“Hora de pôr as cartas na mesa
POR FERNÃO LARA MESQUITA
Vou lendo colunas e encontro o
Brasil dando esbarrões animadores em velhas verdades. Mas são ainda apenas
esbarrões. O foco continua concentrado no esforço de coibir a manifestação dos
efeitos das nossas doenças, em vez de no tratamento das suas causas.
Na educação já se pode falar na
ditadura que há, mas a aposta continua sendo de que tudo se resolva com a
adoção de mais uma “política pública” elaborada por um par de “especialistas”
que valerá para todo este quase continente... exatamente a distorção que criou
a condição para a instalação da ditadura que se quer combater. A centralização
é sempre o prelúdio do aparelhamento gramsciano. Os saxônicos vão, como sempre,
de descentralização e democracia, com cada bairro elegendo entre pais de alunos
o board da sua respectiva escola pública encarregado de contratar e cobrar
resultado dos professores que melhor se adequarem às necessidades de seus
filhos de modo a fazer, em cada cantinho do país e todos os dias um pouquinho,
“a verdadeira revolução que abrange e chacoalha de alto abaixo o sistema em
seus aspectos organizacionais e pedagógicos” com que sonham confusamente que
lhes caia do céu os latinos.
A própria ideia de “debate” entre
os latinos pressupõe uma disputa em que um lado ganha e o outro perde. Nada que
ver com a ideia de convivência entre contrários que tem como corolário a de
tolerância eventualmente elevada a valor inegociável, fazendo tudo desaguar na
democracia vista como manual de navegação, e não como local precisamente
identificado de destino.
Ainda havemos de chegar lá...
E na seara de Sergio Moro,
teremos um Ministério da Segurança Pública ou um Ministério da Justiça?
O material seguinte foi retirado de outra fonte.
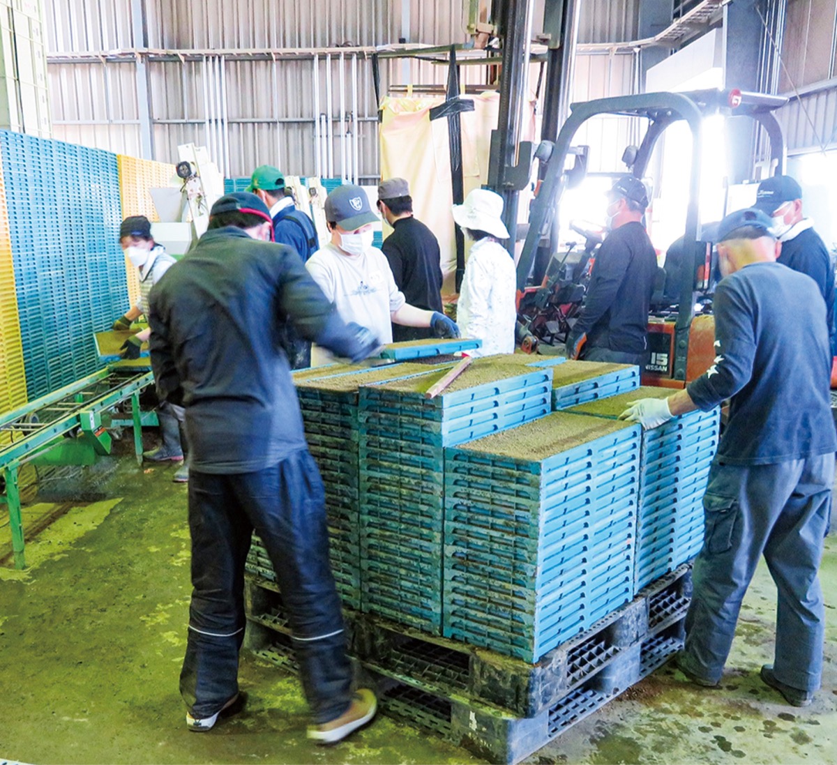 当日は10代から30代までの不登校・ひきこもり当事者が参加し、ベルトコンベヤーで次々と流れてくる育苗トレーを運び出す作業や、農作業に使用する土のう作りなどを行った。
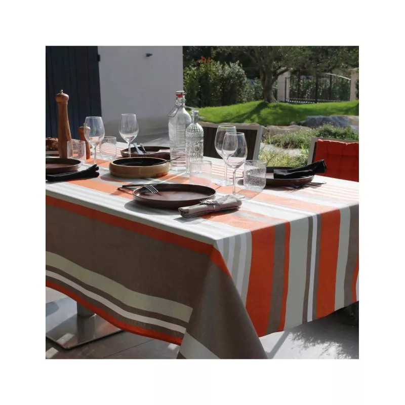 Nappe plastifiée aux rayures estivales.
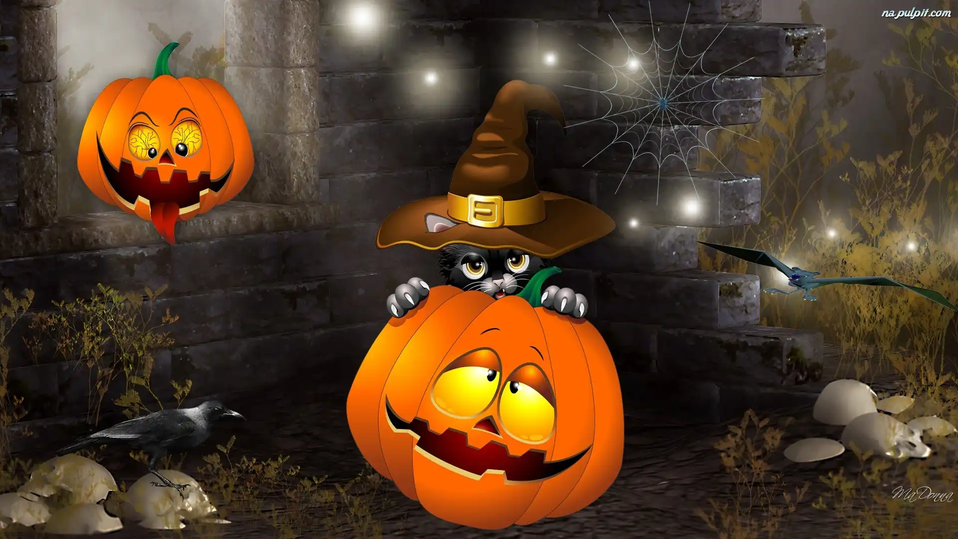 Dynia, Jesień, Liście duch, Halloween, dynia Nietoperz, Las, Ciemność Ławka, Dwa, Kotki Oczy, Niebieskie, Kot Halloween, Trick of Treat Trawa, Dynia, Liście Dynie, Oświetlenie, Płot, Domek, Postać Sen, Słodkie, Dwa, Kocięta Duża, Dynia Kompozycja, Gerberów, Bukiet, Dynia Kiciuś, Pyszczek Naczynia, Orzechy, Dynia, Stare Halloween, Kosz, Dynie, Kukły

O plano
do ex-juiz é inequívoco. Incrementar a integra”ção da Polícia Federal, com o
Ministério Público Federal e unidades de inteligência financeira, em especial o
Conselho de Controle de Atividades Financeiras (Coaf), para verificar o uso dos
valores por organizações criminosas. Funciona, não há dúvida nenhuma. E como é
de salvar vidas que estamos falando, não há como não comemorar.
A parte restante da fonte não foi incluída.